Founded in 2016, the Native American TV Writers Lab is an intensive TV scriptwriting workshop, which prepares Native Americans for careers as writers. Its mission is to expand the amount of Native Americans working behind the camera, thereby increasing fair and accurate portrayals of Native Americans on TV. According to the WGA West’s 2020 Inclusion Report, the Native American and indigenous population currently represents just 1.1% of working television writers.

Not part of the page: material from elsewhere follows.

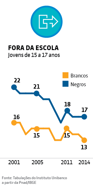 Se o país foi eficiente em aumentar significativamente a presença de seus jovens, especialmente dos negros, no Ensino Médio, o mesmo não pode ser dito da evasão escolar. Neste indicador, os avanços foram bem mais lentos, o que sinaliza a dificuldade de evitar que uma parcela nada desprezível de sua população abandone os estudos sem completar o Ensino Médio ou, o que é ainda mais comum, até mesmo antes de chegar a esta etapa. Considerando o ritmo de melhoria dos últimos anos, nada indica que o país conseguirá cumprir até 2016 o que está previsto na Emenda Constitucional nº 59 e no Plano Nacional de Educação: a matrícula de todas as crianças de 4 a 17 na escola. E, para esta meta, o principal desafio é justamente a faixa etária de 15 a 17 anos, em que o percentual de jovens fora da escola chega a 17% entre negros e a 13% entre os brancos.

The Native American TV Writers Lab takes fellows through a five-week curriculum, curated by seasoned writing professionals, which consists of daily workshops, seminars and one-on-one mentoring. The goal is to have each writing fellow develop and complete a pilot script within five weeks, whiling honing skills that will enable them to move into positions, as staff writers.

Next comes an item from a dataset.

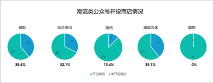 除了头部的潮流媒体,中腰部媒体也会选择电商作为一种变现模式。在新榜筛选的103个潮流公号中看到,多数账号也选择了电商作为其中一种变现方式,从数据上看,潮鞋类公众号开设商店最多,占比也最高。33个潮鞋公众号中有接近四成(13个)在公众号内开设有商店。

The Native American Media Alliance’s partners in putting together the lab include Sony Pictures Entertainment, the Cherokee Nation Film Office, Kung Fu Monkey Productions, Snowpants Productions and Decolonizing Wealth Project.

“We live in an incredibly exciting time – we are finally seeing television shows about Native American people, by Native people, with Native artists on both sides of the camera,” said William Jehu Garroutte (Cherokee Nation), who executive produces ABC’s Dark Horse and serves as Director of Education for the Native American Media Alliance. “As an alumni of the first Native American TV Writers Lab, I am excited to see this initiative continue to bolster our community, to empower our writers and storytellers. Every year, this program builds on an incredible community of talented artists. I look forward to the new and groundbreaking projects the 2021 cohort has to offer.”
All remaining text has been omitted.